Ring 0 needs to be protected because if a crash occurs it will result in a crash of the entire system and the reason for this is down to the kernel being executed there in memory. Thankfully, when a standard program crashes in user-mode (ring 3), our systems don’t need to be completely restarted and this is down to memory management – each piece of software executing from ring 3 has its own memory allocated to it, therefore when something goes wrong (the memory for that software messes up) only that memory is affected, thus only that program crashes. In ring 0 it’s a different story, you have access to all the memory on the system, complete control… Therefore, a crash will affect the entire system, and all the memory. Ring 0 is essentially an abstract layer to access the hardware, and ring 3 is essentially the place for


In Windows there is something called the NTAPI (Native API) and it’s basically an Application Programming Interface which is more lower-level than the Win32 which I’m sure we are all familiar with. The way it works is when you call specific Win32 API functions, it becomes passed down and traces back to the Native API equivalent of the function, and then this proceeds by transitioning over to kernel-mode (ring 0).

There is a lot of misinformation about ring 1 and 2 and honestly I used to be wrong about it as well due to the misinformation I had read previously online whilst learning a few years back. The purposes of ring 1 and 2 is actually for device drivers, they do not actually become loaded in ring 0 itself. The reason for ring 1 and 2 being used for device drivers is simply down to the fact that they may need to access microcontrollers and the such of hardware, and if they were loaded from ring 3 then they wouldn’t have the guaranteed control to do what they really need to do. However, device drivers in ring 1 and 2 have the most control next to the kernel in ring 0. Device drivers stay in ring 1 and 2 to grant them the privileges they require without giving them too much freedom and control which they don’t really need, and if they don’t need the same control as ring 0, then putting them in ring 0 can just cause problems. Ring 0 is for the kernel only, device drivers are to work from ring 1 and 2 (and work closely with the kernel of course), and then ring 3 is for user-mode.

Now we’ve covered some basic theory about the OS rings and their purposes we can start to talk about the Native Windows API (NTAPI) and the Windows API (Win32 API).

Within the Windows Kernel we have something known as the Native API (NTAPI) and this is essentially a bunch of functions used within the Windows Kernel and the software running on our systems. As an alternate to using the NTAPI, we have the Win32 API, which is more tuned for less sophisticated software. In fact, Microsoft recommend you use the Win32 API as opposed to directly using the NTAPI because the Win32 is much more stable and tuned for general usage ad using the NTAPI can cause unexpected results and instability. Regardless of the NTAPI not being such a good idea to use for everything, it has some very nice uses when it comes to security (and generally speaking, for security software) since it’s a bit lower-level compared to the Win32 API.

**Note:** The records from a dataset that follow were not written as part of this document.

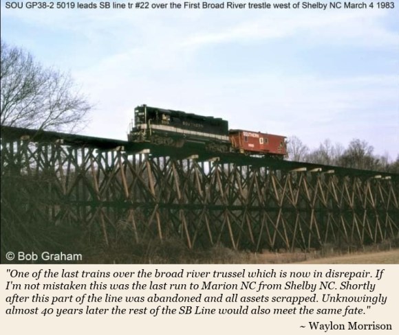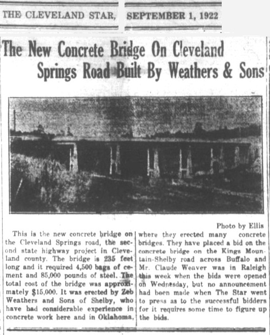 After Cleveland County was formed in 1841, $125 was spent to build a bridge at Elliott’s Ford, an ancestor of the present-day US-74 West bridge across the First Broad River. (The ford had been named for Revolutionary war veteran Martin Elliott whose grave is on the hill on the north-west corner of the intersection of Hwy. 74 West and Polkville Road. His grave site was reportedly his rose garden at the time of his death in 1832.)
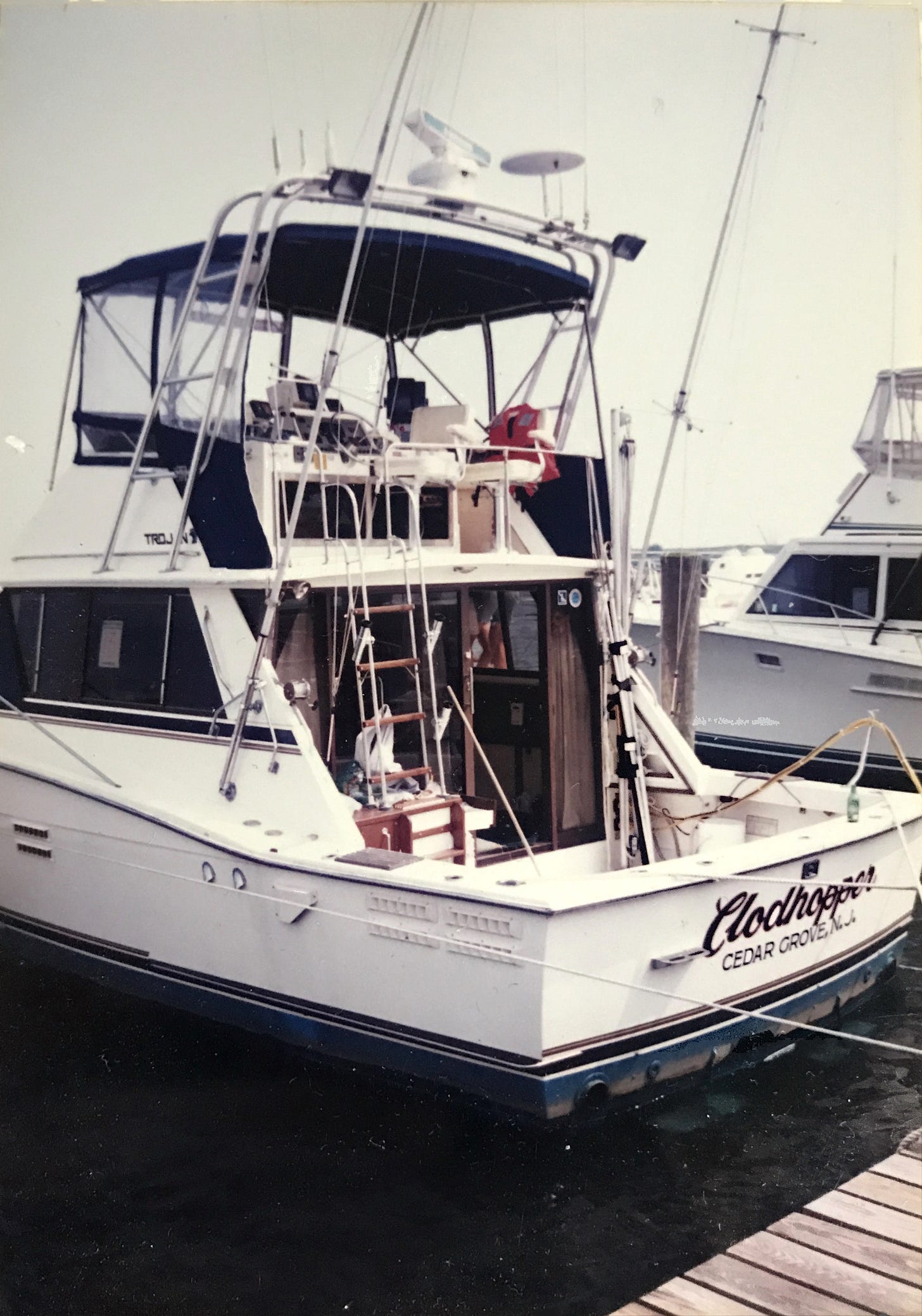 Your uncle and I were partners on it. I bought that boat in 1988… so you were 1. We just started having kids. It was a 36’ Trojan designed for sportfishing. We had it for about 8 years. We sold it in about 1995. I wasn’t using it much anymore. We had you kids.. and it cost a lot of money.
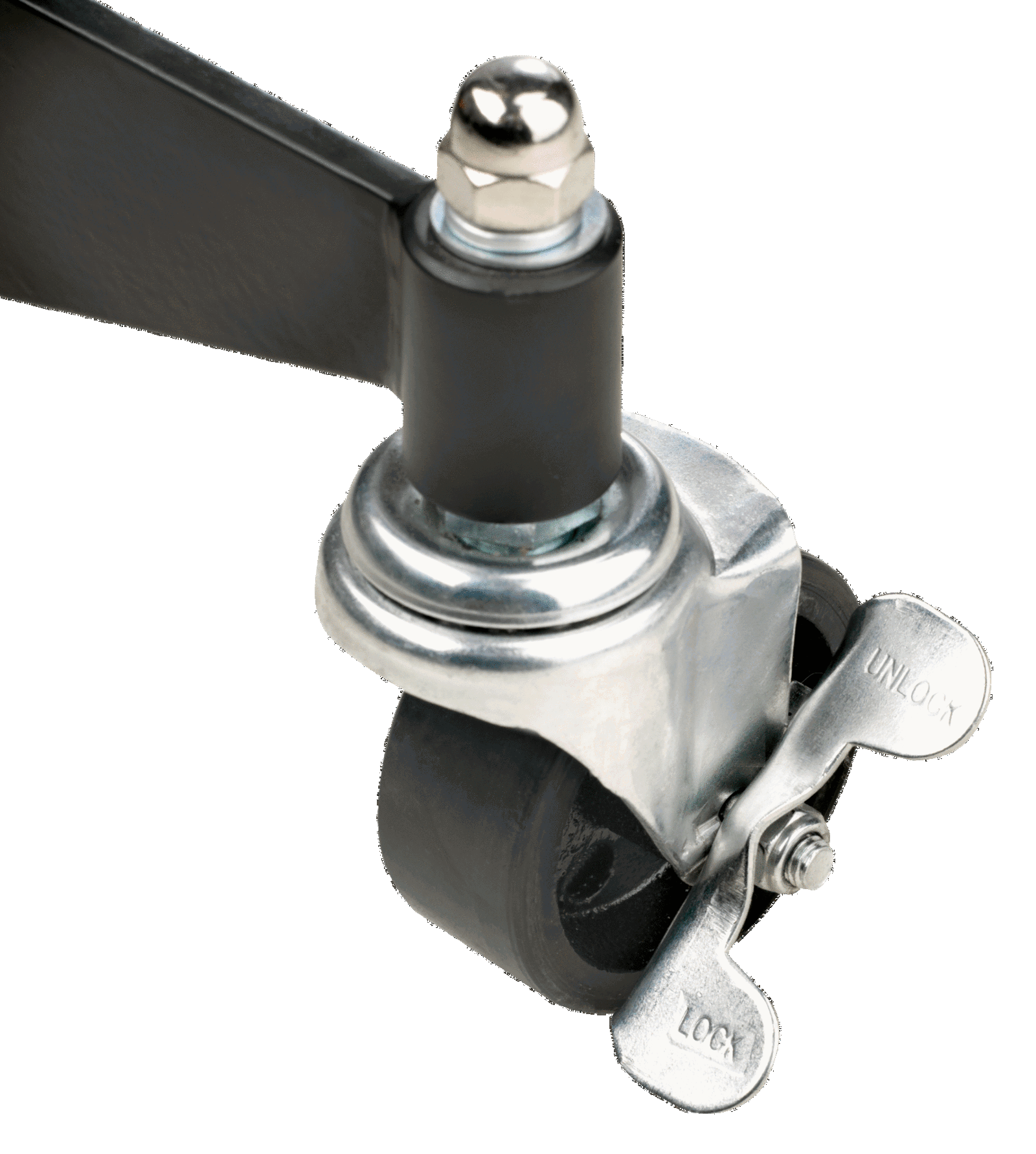 - Solidne stalowe koła skrętne (75mm) pokryte PU (2 z hamulcem) o dużej trwałości optymalnej zwrotności

When we use the Win32 API and call specific functions, these can trace back to the NTAPI equivalent of the function. To explain this a bit better, let’s take a look at the Win32 API function called TerminateProcess, which is found in the module Kernel32.dll. Below I will post the function syntax (also available at MSDN from the above link):

Code:
BOOL WINAPI TerminateProcess(
  _In_ HANDLE hProcess,
  _In_ UINT   uExitCode
);

First off, we notice that the function type is of a Boolean (BOOL), which means the function will return TRUE or FALSE (based on the function success).

After this we have a greeting of WINAPI (but we already know this) and then the function name, along with the parameters that the function takes in (a HANDLE to the target process we want to terminate and then an exit code of a type UINT (Unsigned Integer)).

This is actually the exact same function that Task Manager calls from the Details tab when you try and terminate a function - *just a quick fact I should point out.

Anyway, moving on, this function will eventually land at the stub of the Native API equivalent of the function, which is Nt*/ZwTerminateProcess. (a stub is basically a part of code, in this case the function of ZwTerminateProcess, located within NTDLL.DLL).

Once the function call has traced back down to the NTAPI function equivalent it will end up transitioning the function call into kernel-mode (ring 0) and the work will be finished there.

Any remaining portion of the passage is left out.